Russia cuts interest rate again as ruble rebounds but warns economy will crash amid sanctions and soaring inflation
- Russia's central bank is cutting interest rates for the second time in a month, this time to 14% from 17%.
- The bank cited a stabilizing ruble, which has rebounded from its losses since the war in Ukraine began.
The Central Bank of Russia cut interest rates on Friday for the second time in April as the ruble continues to recover, but warned the economy will crash this year.
The lastest cut brought rates to 14% from 17%, following an April 8 reduction from 20%. After Russia launched its war on Ukraine in February, the CBR raised raised interest rates to 20% from 9.5% in an emergency effort to aid the plunging ruble.
On Friday, the CBR noted that the ruble has rebounded strongly to pre-war levels. Russia has propped up the currency through stringent capital controls that have made the ruble one of the top performing currencies ac cross the globe.

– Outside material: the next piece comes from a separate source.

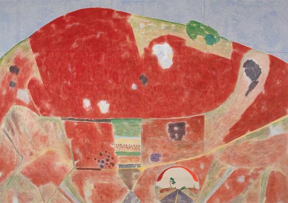 느린 풍경-유정길, 2021, 장지에 분채, 200x278cm
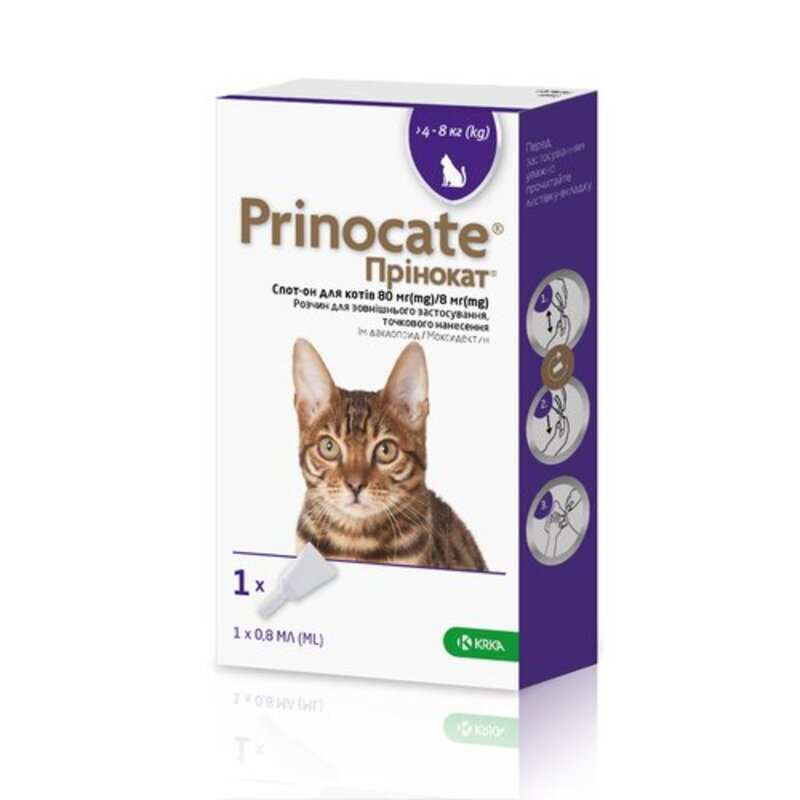 KRKA Prinocate Spot-on Cats Краплі для котів від бліх, вошей, волосоїдів, гельмінтів та шкірних кліщів Прінокат Спот-он

The ruble was down 2% on Friday, but at 72 rubles equaling one US dollar the exchange rate still tops the rate of 80 to the dollar just before the invasion of Ukraine. At its low in early March, the ruble had traded at 120 to the dollar.
As the currency regains its footing, the Kremlin is hoping to shift its attention back toward the economy to absorb the blow of Western sanctions.
The CBR estimated the Russian economy will shrink by 8% to 10% this year and noted it's preparing for potentially worsening restrictions from global powers as the war in Ukraine rages on.
"The decline in the potential of Russia's economy driven by restrictions may turn out to be more pronounced than the baseline scenario assumes," the CBR said in a statement.
Meanwhile, inflation is running rampant and reached 17.6% in April. The CBR officials expect inflation to run at a 18% to 23% clip before stabilizing between 5% and 7% in 2023.